Last month, the Amtrak Reform Council (ARC) released its recommendations for restructuring the National Railroad Passenger Corporation, better known as Amtrak, the nation’s beleaguered intercity passenger rail service. The ARC is an independent federal commission Congress created five years ago to help Amtrak reach financial self-sufficiency—a goal the railroad has never reached in its 31-year money-losing history.

Unfortunately, the ARC’s itinerary misses its intended destination. If Congress adopts the ARC’s recommendations, billions of taxpayer dollars would be wasted on a superseded mode of transportation that carries about one-half of 1 percent of person-travel in the U.S., at costs that passengers themselves consider prohibitive.

One ARC proposal makes sense: outsourcing Amtrak services to private-sector rail operators, who would bid for the right to run individual routes. By recognizing the benefits of competition, this proposal runs counter to the profligate spirit that has let Amtrak burn some $25 billion in federal subsidies since its creation in 1971.

But the ARC plan avoids restructuring Amtrak where it matters most.

First, the plan proposes that Amtrak continue to provide money-losing services—with the help of federal and state subsidies. Amtrak says it needs $1.2 billion or it will halt the money-losing lines this October. The ARC’s plan recommends indefinite federal subsidies for capital expenses and even for “long-distance ‘national’ trains.”

As for non-“national” trains, the report recommends that “states would bear the costs of operating subsidies for corridor services.”

Congress deserves much of the blame for Amtrak’s losses. Under the Amtrak Reform and Accountability Act of 1997, the same legislation that created the ARC, Amtrak was required to submit a plan for its own liquidation if it could not achieve operational self-sufficiency by Dec. 2, 2001. But, after it was clear that Amtrak could not meet this deadline, Congress got cold feet and (in an unpublicized amendment to a defense-spending bill) forbade Amtrak from preparing a liquidation plan.

The ARC’s plan would also relieve Amtrak of the responsibility for covering its own infrastructure expenses. The ARC suggests that government should finance rail infrastructure because it finances roads and airports. This suggestion is based on error, as roads and airports are generally financed out of dedicated funds, paid for by those who use the services.

But perhaps the biggest problem with the ARC report is its assertion that, profitable or not, “there should be a bright future for passenger rail service in America.” When the Nixon administration sold Amtrak to the public it emphasized that Amtrak would be self-sustaining by its third birthday.
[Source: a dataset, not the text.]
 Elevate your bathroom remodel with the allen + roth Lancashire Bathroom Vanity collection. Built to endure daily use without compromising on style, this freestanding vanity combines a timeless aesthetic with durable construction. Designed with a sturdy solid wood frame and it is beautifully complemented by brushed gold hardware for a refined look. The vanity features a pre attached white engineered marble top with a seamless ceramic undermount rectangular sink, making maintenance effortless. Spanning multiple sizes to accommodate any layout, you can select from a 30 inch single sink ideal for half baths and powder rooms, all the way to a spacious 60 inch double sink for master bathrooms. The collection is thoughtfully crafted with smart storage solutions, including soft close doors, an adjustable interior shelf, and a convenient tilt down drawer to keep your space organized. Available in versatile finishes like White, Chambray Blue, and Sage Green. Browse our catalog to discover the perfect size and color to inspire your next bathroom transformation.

Apparently, the nation’s travelers have not been as interested as the Nixon administration had hoped.

Could private firms provide passenger-rail service at a profit? Possibly. In 1997, before Congress gave Amtrak its five-year bailout, Guilford Transportation Industries wrote to the Department of Transportation seeking to negotiate the right “to purchase or lease the rail line and operate private passenger service throughout the [“Northeast”] corridor.”
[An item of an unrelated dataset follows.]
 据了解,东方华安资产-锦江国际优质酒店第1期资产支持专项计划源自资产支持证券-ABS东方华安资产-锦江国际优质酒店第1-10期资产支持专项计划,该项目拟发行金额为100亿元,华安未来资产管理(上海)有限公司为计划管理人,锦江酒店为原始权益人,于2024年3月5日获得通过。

Private companies are reported to provide profitable rail passenger service in Australia, Japan and New Zealand. But the possibility that some routes could be provided without subsidy does not justify government subsidy of others.
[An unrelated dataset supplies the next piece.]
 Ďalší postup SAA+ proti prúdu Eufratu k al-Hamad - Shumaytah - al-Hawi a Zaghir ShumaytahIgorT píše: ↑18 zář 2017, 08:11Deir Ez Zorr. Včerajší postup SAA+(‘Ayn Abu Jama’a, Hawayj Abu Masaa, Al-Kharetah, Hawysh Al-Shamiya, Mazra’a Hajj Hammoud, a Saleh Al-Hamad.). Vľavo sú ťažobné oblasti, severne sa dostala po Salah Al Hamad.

Subsidies to passenger rail services are particularly damaging to their competitors, namely airlines and bus companies. Until Sept. 11, airlines generally paid their way, and are expected to do so again. American and Canadian motor coaches carried—without subsidy—860 million passengers in 1999, 38 times the number of Amtrak passengers for that year. When operating on freeways or on their own right-of-way, motor coaches can offer comparable service to rail, and at lower costs.

Why should these tax-paying carriers be forced to subsidize competition by rail service? The bottom line is that travel by rail is nice for some, but if those who choose to take the train refuse to pay the costs, why should taxpayers fund it?